21 January 2021
China’s recently promulgated Measures to Block the Improper Extraterritorial Application of Foreign Laws and Measures (the “Measures”) has established a new framework for mitigating the impact of foreign legal measures, including economic sanctions and requests for information, on China’s economic and security interests. This measure is the latest in a series of regulations to counter foreign governments’ extraterritorial actions, especially considering the Trump administration’s aggressive actions against China in the past six months. Previously, such regulations issued by China include the "blocking regulations" issued in 2019 and 2020, which restricted assistance to foreign criminal and civil litigation, and the new sanctions and exports issued by China in October and November 2020 Control system (click here to view the previous legal newsletter of Meifu).
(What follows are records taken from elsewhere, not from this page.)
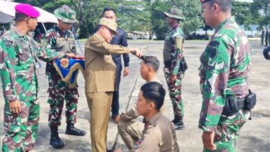 Di Markas Brigif 4 Marinir Pesawaran, Pj Bupati Mesuji Cukur Rambut Satpol PP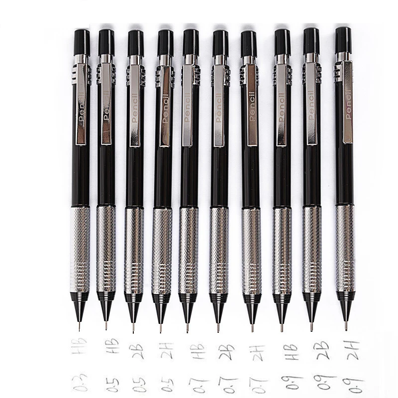 Карандаш автоматический 1 шт., металлический карандаш 2H HB 2B 0,5 мм 0,7 мм 0,9 мм, принадлежности для набросок рисунок, школы и офиса
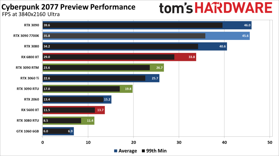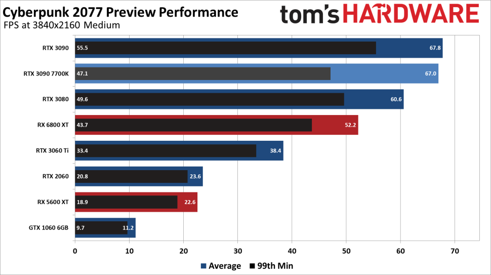 Testy wykonano w rozdzielczości Full HD px i 4K przy ustawieniach medium oraz w 4k przy Ultra. W ej ostatniej widać, że nawet RTX 3090 nie zapewnia średnio 60 fps. Przy 4K i ustawieniach Medium 60 fps zapewni Wam dopiero RTX 3080.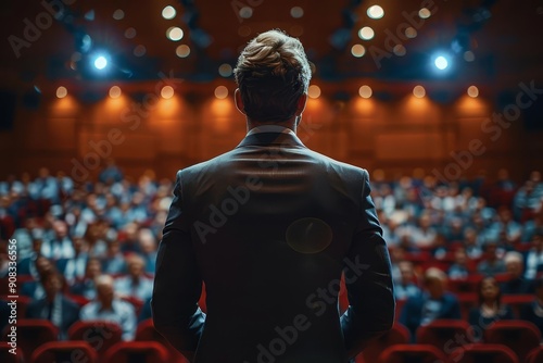 Visionary leader inspiring large audience spotlight focused determined face professional setting
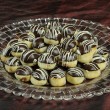 3. تُمدُّ كلُّ كرة من العجين قليلًا، حتَّى تستوعب الحشو في منتصفها، مع الحرص عدم المبالغة بالكمِّ المضاف من هذا الأخير. يُغلق العجين على الحشو بإحكام، فيوضع في قالب المعمول، القالب الذي يُضغط عليه، بغية الحصول على شكل مزخرف للقرص في الجهة العليا منه. تُكرَّر العمليَّة حتَّى نفاذ كم العجين.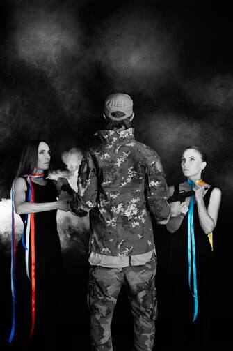 Filo conduttore delle 12 immagini sono i lacci con i colori delle bandiere che fanno distinguere le ragazze ucraine da quelle russe e che rappresentano i legami che esistono fra queste due popolazioni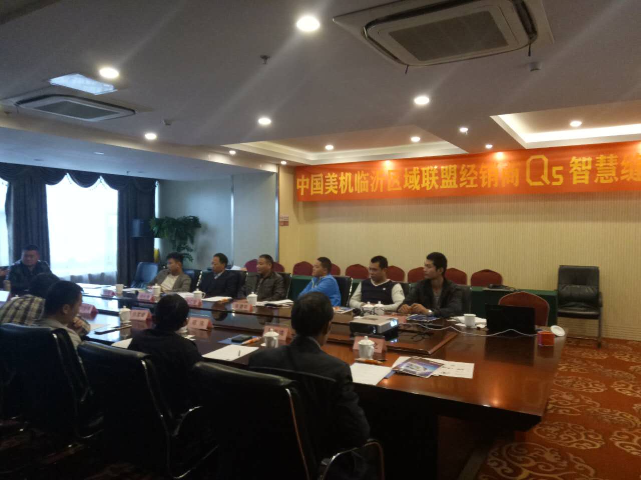 美機(jī)國(guó)內(nèi)營(yíng)銷總監(jiān)王桂榮、以恩在公司為首的十幾家聯(lián)盟經(jīng)銷商伙伴以及美機(jī)公司部分營(yíng)銷人員26日齊聚臨沂華美達(dá)大酒店,共同見(jiàn)證Q5智慧縫紉機(jī)臨沂地區(qū)榮耀首發(fā)這一歷史時(shí)刻。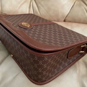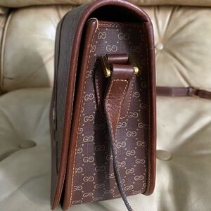 RARE Vintage Gucci Crossbody Bag Micro GG Brown Stripe Flap COA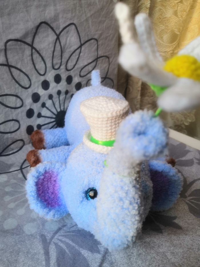 Слоник🐘 получился довольно большой 26 см в длину, 15 см в высоту с учётом хобота с цветочком🌼🐝.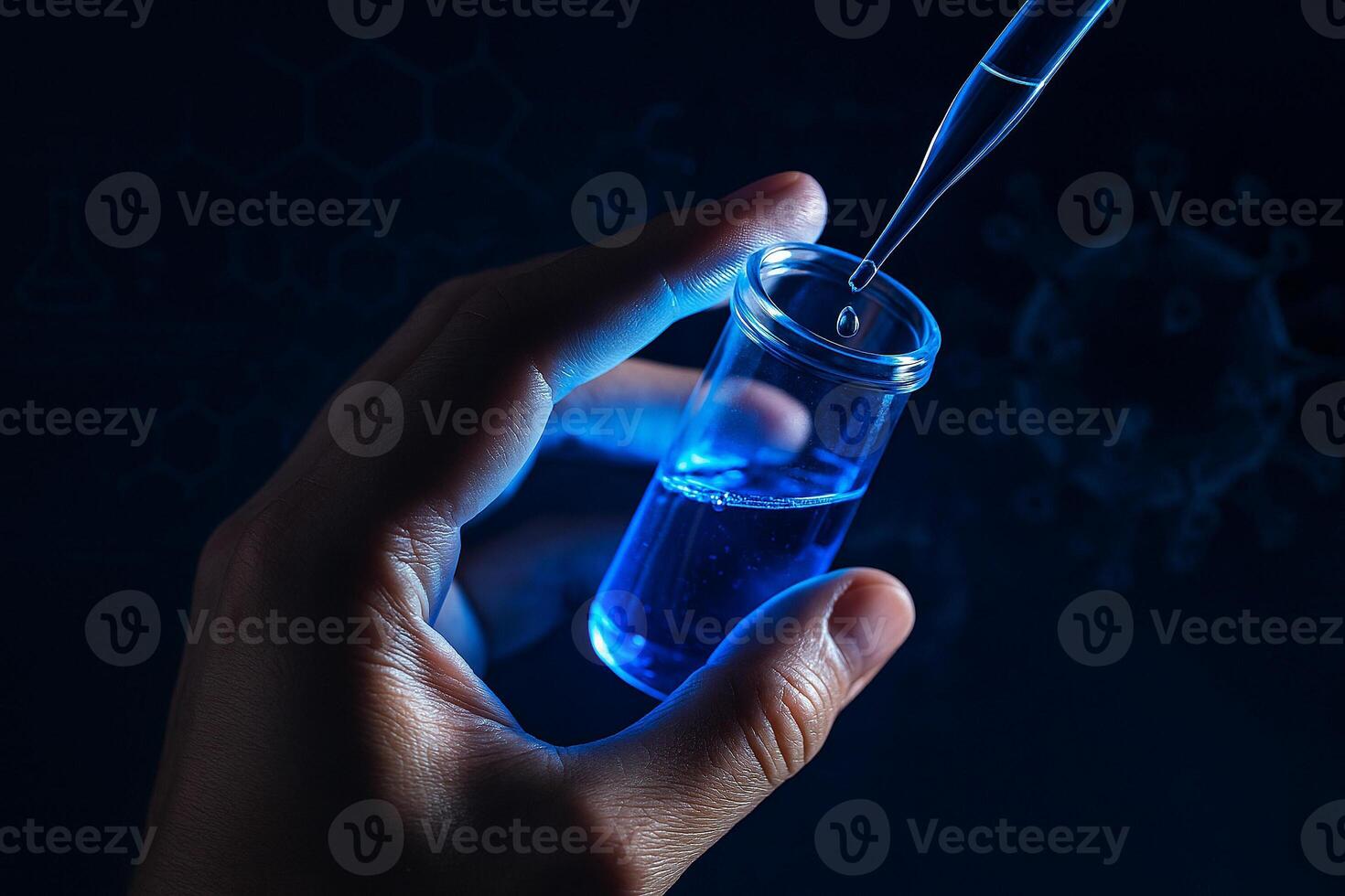 macro shot of a hand holding a glass container with blue liquid while a pipette drops liquid inside in a futuristic science laboratory setting Pro Photo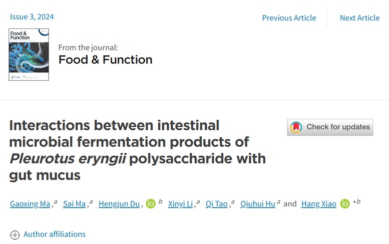 2024年2月5日,金沙城js9线路检测中心马高兴副教授在国际TOP期刊Food & Function(Q1,IF: 6.1)发表题为“Interactions between intestinal microbial fermentation products of Pleurotus eryngii polysaccharide with gut mucus”的研究性论文。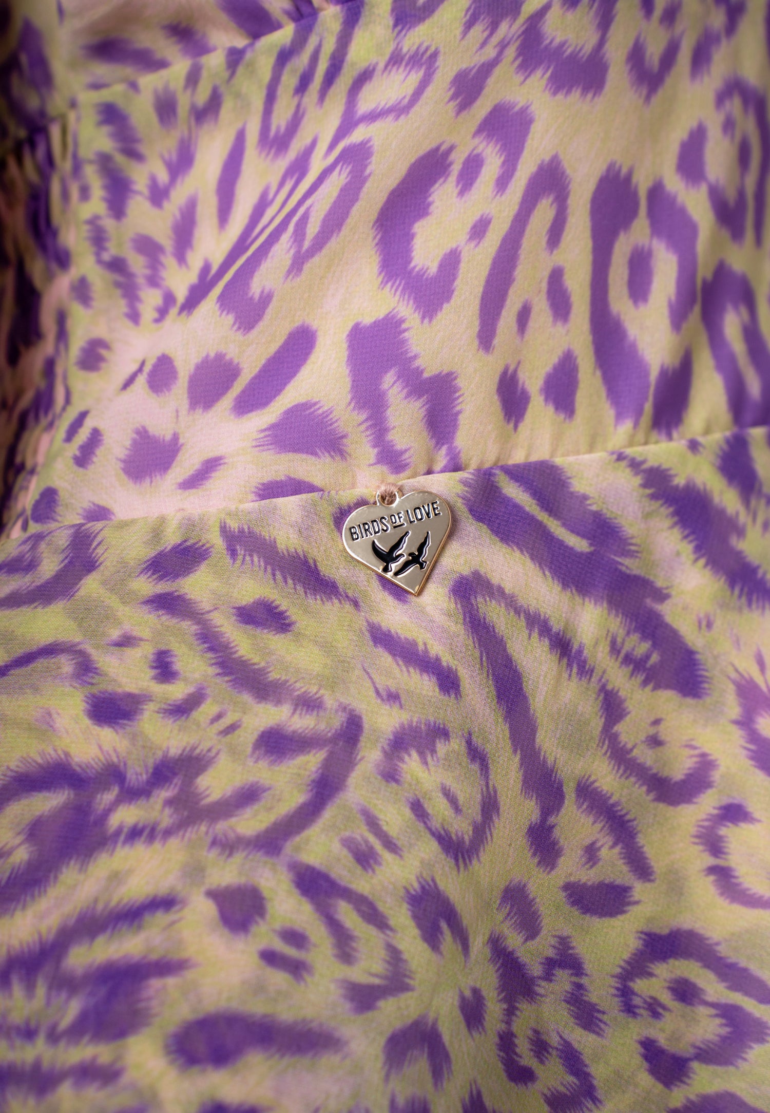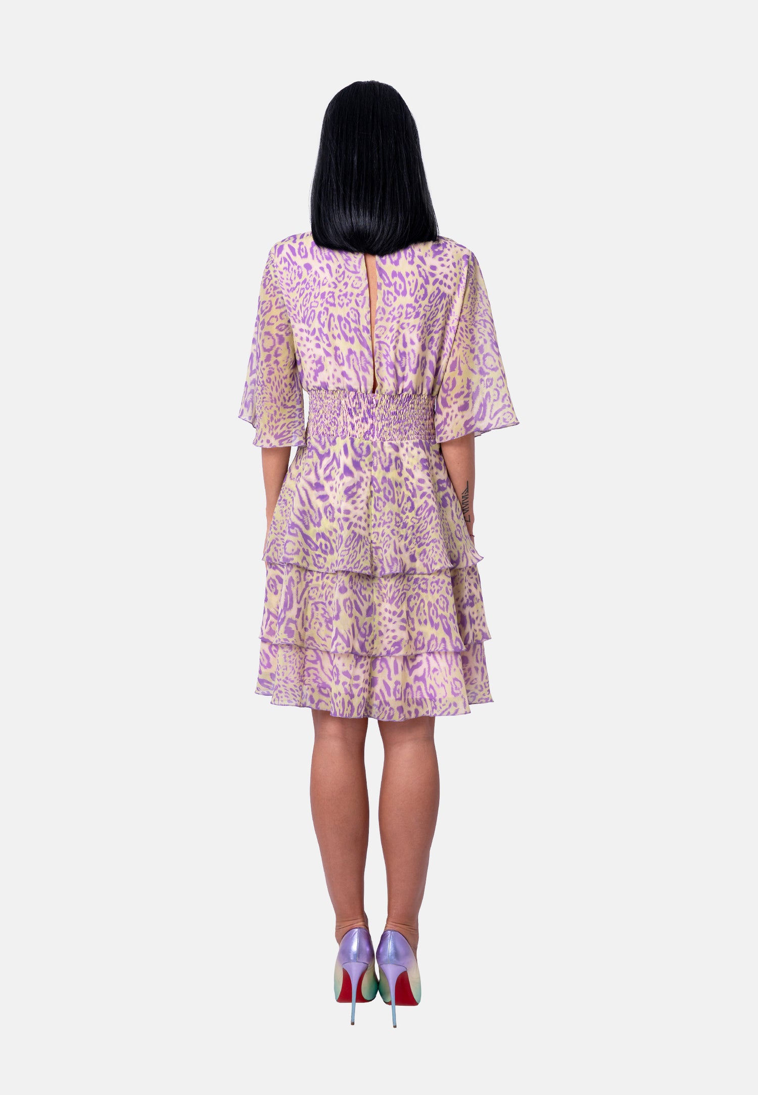 Kurzes Kleid mit V-Ausschnitt und Volantrock im Animalprint in Flieder-Beige | Birds of Wild Grace by Birds of Love

In view of the recent US sanctions, export controls and other government measures with extraterritorial effects, both Chinese companies and foreign companies operating in China need to consider the impact of this approach.
Background introduction
On January 9, 2021, the Ministry of Commerce of China announced the measures, which will take effect on the date of publication. The measures clearly aim to safeguard China’s economic and security interests and prevent foreign governments’ unilateral legal systems from restricting China’s commercial exchanges with third-country parties.
The Measures established an inter-departmental mechanism ("working mechanism") led by the Ministry of Commerce and the participation of other institutions such as the National Development and Reform Commission. The working mechanism will assess whether the extraterritorial application of a foreign law ("extraterritorial measures") is inappropriate, and will issue an injunction to restrict its application. In addition to rulings, the working mechanism also provides guidance and support for the Chinese (as defined below) to counter the inappropriate extraterritorial application of foreign laws.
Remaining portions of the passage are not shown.